Where can I read the original DEF 14A filing from TRAVELERS COMPANIES, INC.?

You can access the original filing directly on the SEC's EDGAR system. The filing is publicly available and includes all exhibits and attachments submitted by TRAVELERS COMPANIES, INC..

What are the key takeaways from TRAVELERS COMPANIES, INC.'s DEF 14A?

TRAVELERS COMPANIES, INC. filed this DEF 14A on April 2, 2024. Key takeaways: Filing type: DEF 14A (Definitive Proxy Statement). Reporting period: Fiscal year ending December 31, 2023. Filed as of date: April 2, 2024.

Is TRAVELERS COMPANIES, INC. a risky investment based on this filing?

Based on this DEF 14A, TRAVELERS COMPANIES, INC. presents a relatively low-risk profile. The filing is a routine DEF 14A, indicating standard corporate governance and disclosure practices without immediate financial or operational red flags.

What should investors do after reading TRAVELERS COMPANIES, INC.'s DEF 14A?

Review the executive compensation and shareholder proposal sections to understand management's remuneration and potential shareholder influence. The overall sentiment from this filing is neutral.

How does TRAVELERS COMPANIES, INC. compare to its industry peers?

The Travelers Companies, Inc. operates within the Fire, Marine & Casualty Insurance industry, a sector characterized by risk management and underwriting.

Are there regulatory concerns for TRAVELERS COMPANIES, INC.?

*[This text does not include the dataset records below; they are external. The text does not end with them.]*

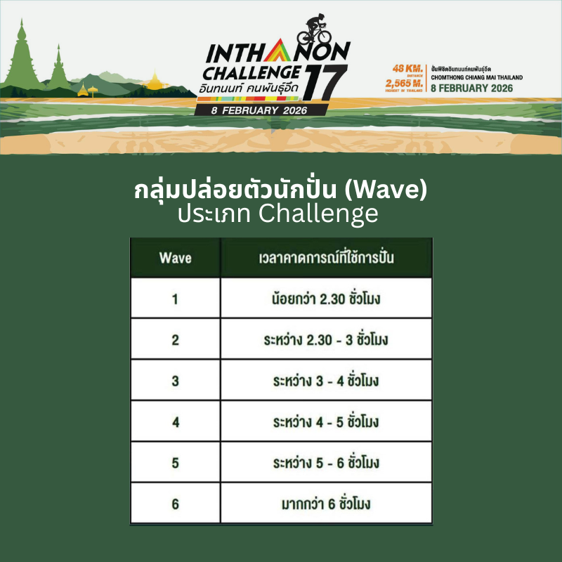 หมายเหตุ : การเลือกกลุ่มปล่อยตัว wave ควรประมาณการ เวลาที่จะใช้ในการปั่นจนครบระยะ ให้เหมาะกับตัวเอง ทั้งนี้ไม่ว่าจะลง wave ใด ระบบ Chip timing จะเริ่มจับเวลาเมื่อนักปั่นผ่านจุด Start และคำนวนเวลาปั่นเมื่อผ่านจุด Finish
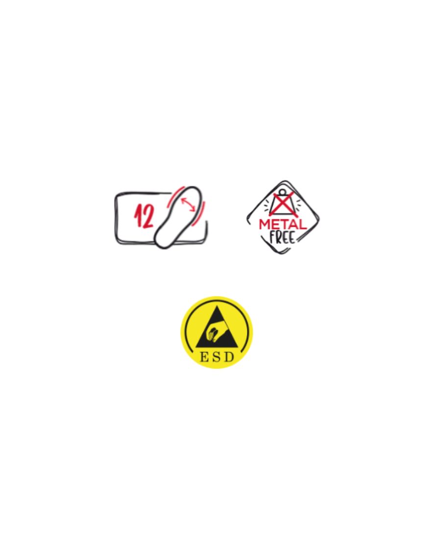 Conformes à la norme ESD, elles assurent une dissipation efficace des charges électrostatiques, idéales pour les environnements sensibles. Embout large. Normes : EN ISO 20345 - S3 - SRC - ESD
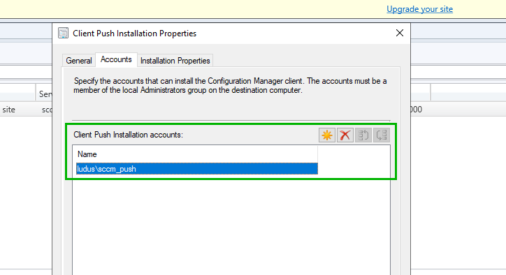 In this example, the sccm_push account is configured domain-wide as a non-Tier Zero group such as DOMAIN USERS group, but is configured as a local administrator on all SCCM clients with a Group Policy Object (GPO), ensuring that client push still functions in the domain without using an overpermissive account.
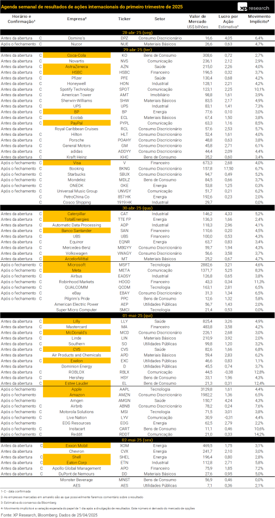 Essa semana, a Tesla e a Alphabet foram a 2ª e a 3ª entre as Big Techs a reportar os resultados, e semana que vem teremos os números da Microsoft e da Meta na quarta-feira e da Apple e da Amazon na quinta-feira. Nossa expectativa é de que a desvalorização do dólar ao longo do trimestre (queda de cerca de -3,9% no DXY) exerça um impacto marginalmente positivo nos resultados. Ao todo, teremos cerca de 41% da capitalização do mercado divulgando seus relatórios trimestrais na semana que vem e cerca de 8,5% daqui duas semanas.
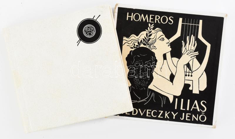 Leírás: Medveczky Jenő: Homeros - Ilias. (Minikönyv). Bp., 1973, Képzőművészeti Alap. Egészoldalas, fekete-fehér illusztrációkkal. Magyar, angol és német nyelven. Kiadói műbőr-kötés, kiadói kartontokban.

This filing is made under Section 14(a) of the Securities Exchange Act of 1934, requiring public companies to provide shareholders with information relevant to voting decisions.

Industry Context

The Travelers Companies, Inc. operates within the Fire, Marine & Casualty Insurance industry, a sector characterized by risk management and underwriting.

Regulatory Implications

This filing is made under Section 14(a) of the Securities Exchange Act of 1934, requiring public companies to provide shareholders with information relevant to voting decisions.

What Investors Should Do

  1. Analyze executive compensation packages and any changes from the previous year.
  2. Review shareholder proposals and the company's recommendations on how to vote.
  3. Examine the composition and independence of the Board of Directors.

Year-Over-Year Comparison

This is a DEF 14A filing, which is a standard annual disclosure for proxy solicitation, providing information for the upcoming shareholder meeting.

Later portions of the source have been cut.